En zie, het was Lea…
De draagkracht die Jakob sinds Betel bezit, werkt nog steeds. Hij is bereid zeven jaar te werken voor de vrouw die hij liefheeft. Bij die bruiloft wordt Jakob door zijn oom bedrogen. De dag erna blijkt dat Laban niet Rachel maar Lea aan Jakob heeft gegeven. Dat is in de sluiers van de bruid verborgen gebleven. De bedrieger wordt bedrogen. Een koekje van eigen deeg, zou je kunnen zeggen. Net goed. Eigen schuld, dikke bult… Maar dat is natuurlijk geen goede benadering. Je kunt ook zeggen, nou, nou, Laban, je zegt tegen Jakob: je bent mijn eigen vlees en bloed, en dan doe je dit? Van je familie moet je het maar hebben…
De geest van leugen en bedrog
Deze benaderingen gaan uit van wat er zich in het zichtbare afspeelt. Veel beter is het om na te gaan wat er in het onzichtbare gebeurt, wat er in de hemel werkt.

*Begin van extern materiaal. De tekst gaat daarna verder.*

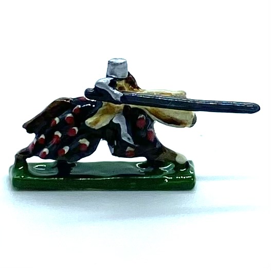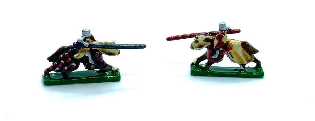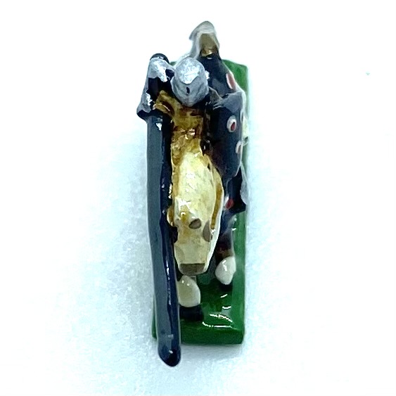Although Felix, the family’s middle son, has never shown great interest in much beyond natural history, he does have a passionate interest in knights. To his parents’ amazement he has quite happily made his way through the Morte d’Arthur and Ivanhoe, and can give chapter and verse on the Knights of the Round Table, while simultaneously remaining completely impervious to all other forms of culture. In Felix’s room, up on the mantelpiece away from the clutter of shells, birds’ eggs and pinned butterflies, he keeps two cherished ornaments of jousting knights. This is the first: the Knight of the White Crescent. He and his adversary change from hero to villain depending on the day and Felix’s mood, but they remain frozen in their eternal battle.

Bij Jakob werkte een geest van leugen en bedrog. Maar die geest werkte niet alleen bij hem en bij zijn moeder, Rebekka, die aan Jakobs bedrog heeft meegewerkt, maar blijkbaar ook bij haar broer Laban. Je hebt hier te maken met een geest uit het voorgeslacht die deze mensen bij tijd en wijle aanzet tot liegen en bedriegen. Een geest die mensen de schijn laat ophouden en ze hun zaakjes heel slim laat aanpakken, om het ten eigen bate zo gunstig mogelijk te regelen. Heel geniepig. Met mooie woorden en prachtige gebaren, maar met zeer ondeugdelijke redenen.
Esau had last van een geest die in zijn geslacht heeft doorgewerkt, en die de bijbel het gebergte van Esau noemt. Maar dit is óók zo’n geest die in de familie werkzaam is, en daarin werkzaam wil blijven. En dat is ook een ‘kwaaie’. Die is niet zomaar weg. Daar krijgt Jakob nog heel wat keren mee te maken. Hij komt er uiteindelijk wel los van, maar die geest heeft Jakob lang achtervolgd. Hier komt hij hem tegen in Laban, zijn bloedverwant. Jakob is hoogst verontwaardigd. Hij schreeuwt het uit van woede en verdriet. Wat heb je me nou geflikt, Laban?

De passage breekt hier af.